Rahatsızlığım dolayısıyla sayısız hekim ve terapist gezmişliğim oldu. Birçoğunun beslendiği ekoller, akımlar ve sertifikalar olmuştur. Sertifikalar diyorum; zira bazılarının duvarları kaplayan gurur belgeleri beni biraz gülümsetmiştir. Eskiden, yani okullarda dağıtılan takdir-teşekkür belgelerinin bu denli ayağa düşmediği zamanlarda, kimi veliler çocuklarının varsa böyle belgeleri, çerçeveletip duvara asarlardı. Tıpkı bazı terapistlerin ya da koçların ofis duvarlarındaki gibi!

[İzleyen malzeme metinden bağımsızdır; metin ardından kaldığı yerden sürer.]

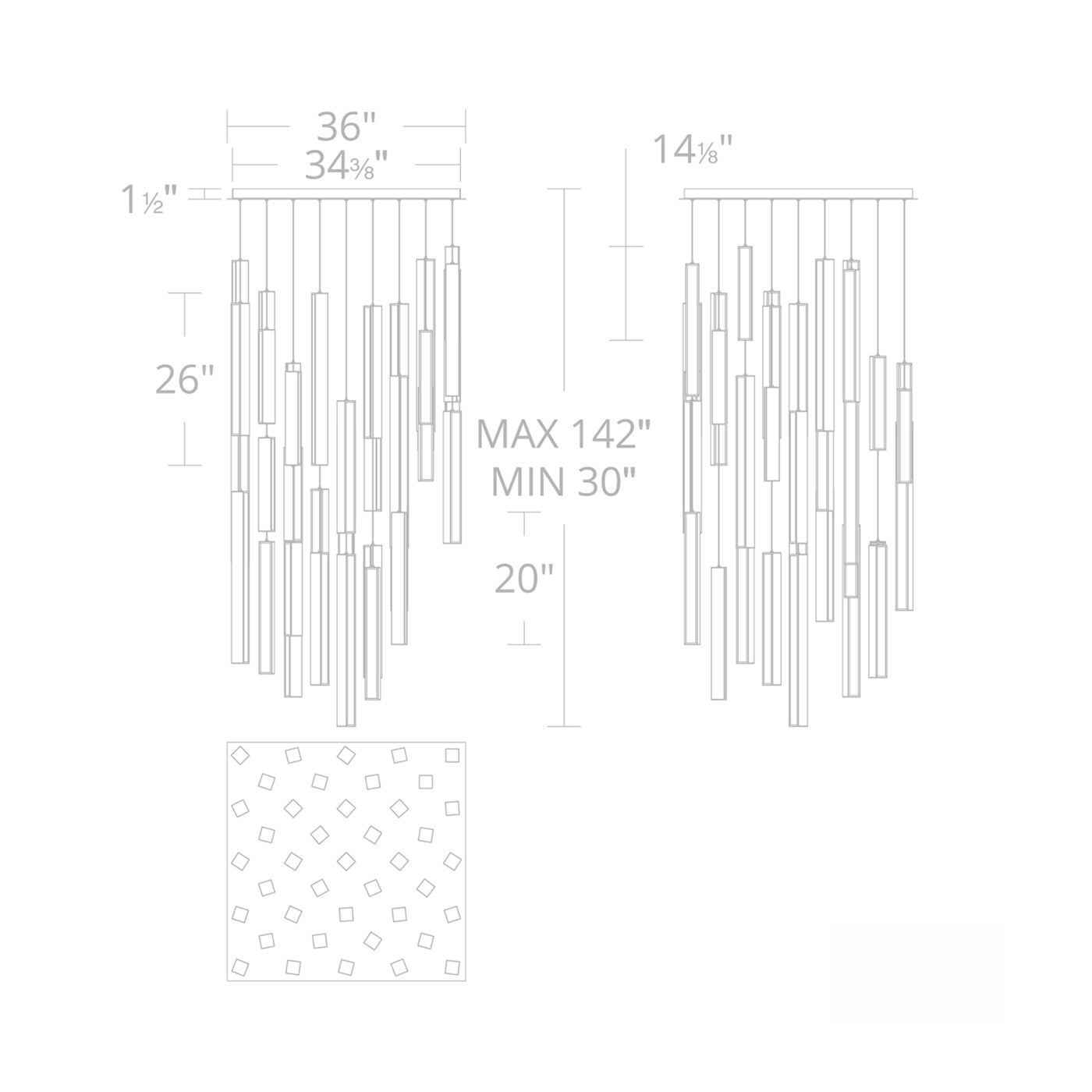 - Fixture Dimensions: 36"W
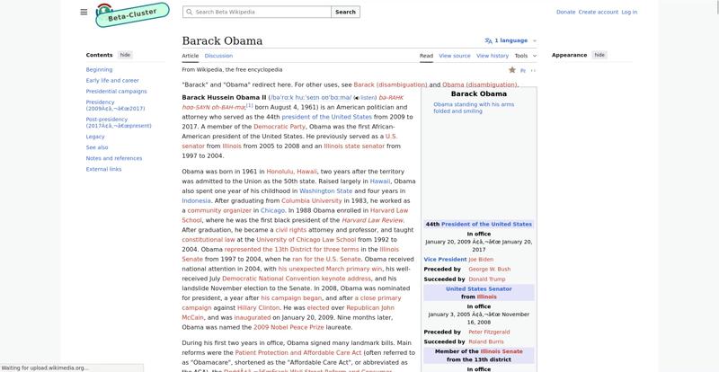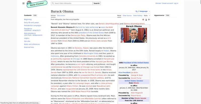 | Offenders: https://en.wikipedia.beta.wmcloud.org/static/images/project-logos/wikimedia-cloud-services.svg https://upload.wikimedia.org/wikipedia/commons/thumb/1/11/Barack_Obama_signature...signature.svg.png https://upload.wikimedia.org/wikipedia/commons/thumb/5/50/2004_Illinois_Senate_r...e_results.svg.png https://upload.wikimedia.org/wikipedia/commons/thumb/2/2b/58th_Presidential_Inau...-D-BP749-1327.jpg https://upload.wikimedia.org/wikipedia/commons/thumb/9/9f/Job_Growth_by_U.S._Pre...resident_-_v1.png |

Şekerci vitrini misali renk renk dizilmiş sertifikalara göz attığınızda gördüğünüz ifade genelde şudur: Bilmem hangi tarihle bilmem hangi tarih arasında falanca eğitimimizi başarıyla tamamlayan Fişmanca işbu sertifikayı almaya hak kazanmıştır. İmza: Filanca.
Eğitimlerin süresine baktığınızda bir gün, bilemediniz 2-3 gün sürdüğünü görürsünüz. Hastalığın yıprattığı yorgun insan, teslim bayrağını çekmeye dünden razı; "Bu kadar kısa sürede bu kadar çok sertifika toplamış insanlar herhalde allâme-i cihan olmalı" yanılgısına kendisini bile isteye kaptırıyor. Hatta bazı uzmanlar, aldıkları her sertifikayla kartvizitine bir sıfat daha ekleyebiliyor. Aynı anda yedi-sekiz sıfatı bünyede toplayabilmek de zor iş olsa gerek!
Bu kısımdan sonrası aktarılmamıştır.